Task prompt → Omit the pictures and copy the entries exactly.

[Stored items from a collection]
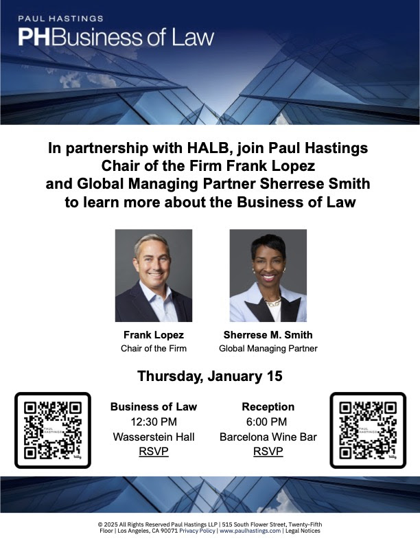 In partnership with HALB, join Paul Hastings Chair of the Firm Frank Lopez and Global Managing Partner Sherrese Smith to learn more about the Business of Law. Recently elected to a second term of leadership, Frank and Sherrese have led one of the most ambitious growth strategies in Big Law, making Paul Hastings one of the most acquisitive firms in the country. The firm’s revenue rose 9% and 22% during the first two full years of the leadership team’s first term as it opened new offices in Dallas and Boston. This session will cover the day-to-day realities of leading one of America’s most successful law firms, as well as the career moves that led to Frank and Sherrese’s successes. RSVP here.
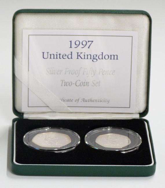Royal Mint 1997 UK Silver Proof 50p Two-Coin Set, cased with certificate
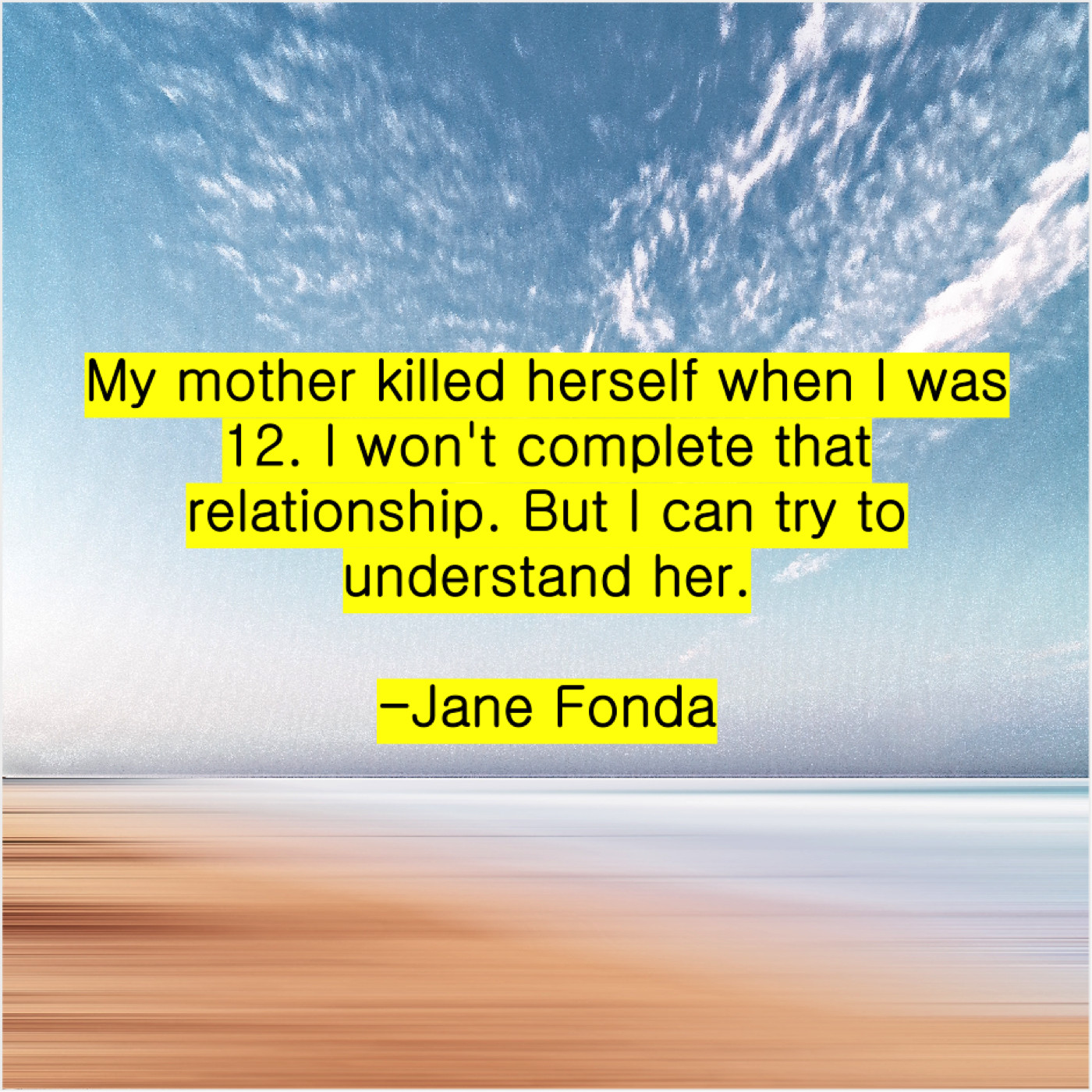 Jane Fonda Jane Fonda – My mother killed herself when… April 27, 2019 admin “My mother killed herself when I was 12. I won’t complete that relationship. But I can try to understand her.”-Jane Fonda
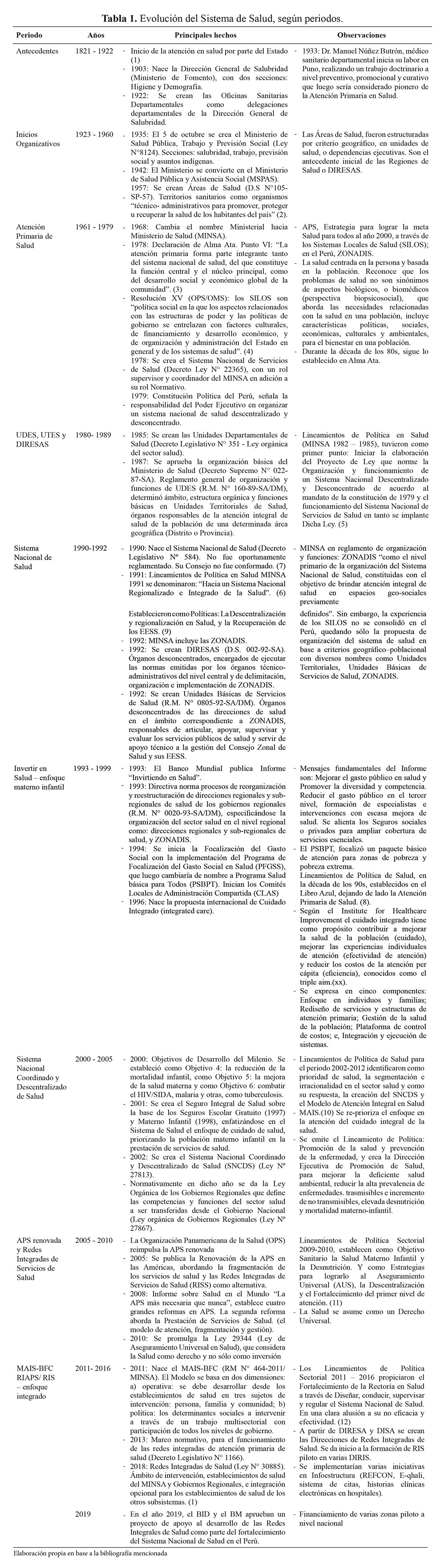Keywords: Primary health care, national health systems, intersectoral collaboration, organization and administration, Peru.
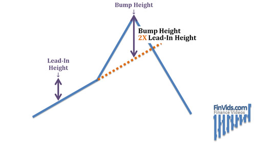 Do note that the height of the bump must be at least twice the height of the largest ranged price bar (the largest ranged price bar should be greater than $1 in height) in the first part of the 30 to 45 degree uptrend (Bulkowski, 2005).
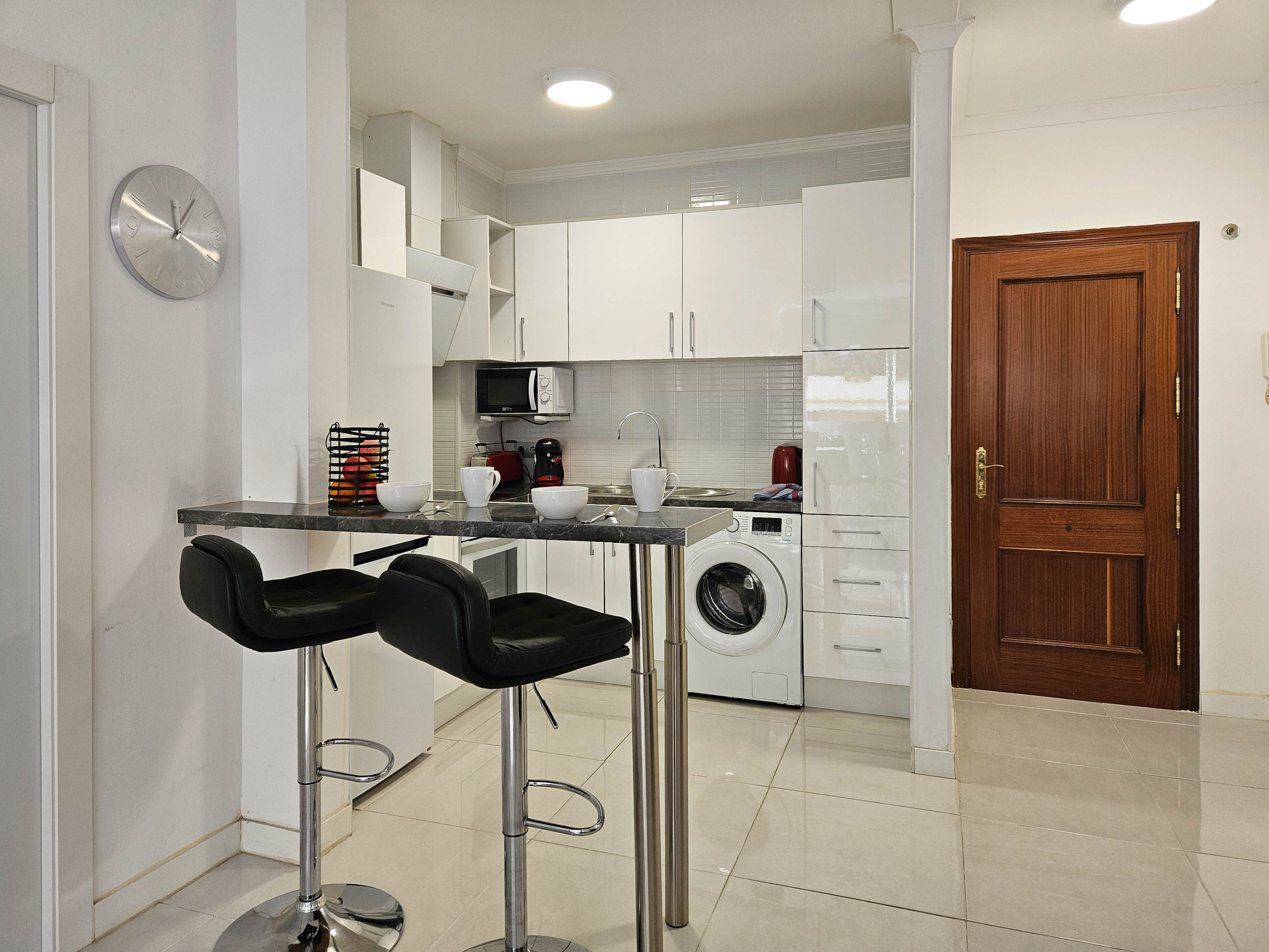 The well-equipped kitchen includes a breakfast bar with stools, ideal for casual dining.

Response to the task →
 In partnership with HALB, join Paul Hastings Chair of the Firm Frank Lopez and Global Managing Partner Sherrese Smith to learn more about the Business of Law. Recently elected to a second term of leadership, Frank and Sherrese have led one of the most ambitious growth strategies in Big Law, making Paul Hastings one of the most acquisitive firms in the country. The firm’s revenue rose 9% and 22% during the first two full years of the leadership team’s first term as it opened new offices in Dallas and Boston. This session will cover the day-to-day realities of leading one of America’s most successful law firms, as well as the career moves that led to Frank and Sherrese’s successes. RSVP here.
Royal Mint 1997 UK Silver Proof 50p Two-Coin Set, cased with certificate
 Jane Fonda Jane Fonda – My mother killed herself when… April 27, 2019 admin “My mother killed herself when I was 12. I won’t complete that relationship. But I can try to understand her.”-Jane Fonda
Keywords: Primary health care, national health systems, intersectoral collaboration, organization and administration, Peru.
 Do note that the height of the bump must be at least twice the height of the largest ranged price bar (the largest ranged price bar should be greater than $1 in height) in the first part of the 30 to 45 degree uptrend (Bulkowski, 2005).
 The well-equipped kitchen includes a breakfast bar with stools, ideal for casual dining.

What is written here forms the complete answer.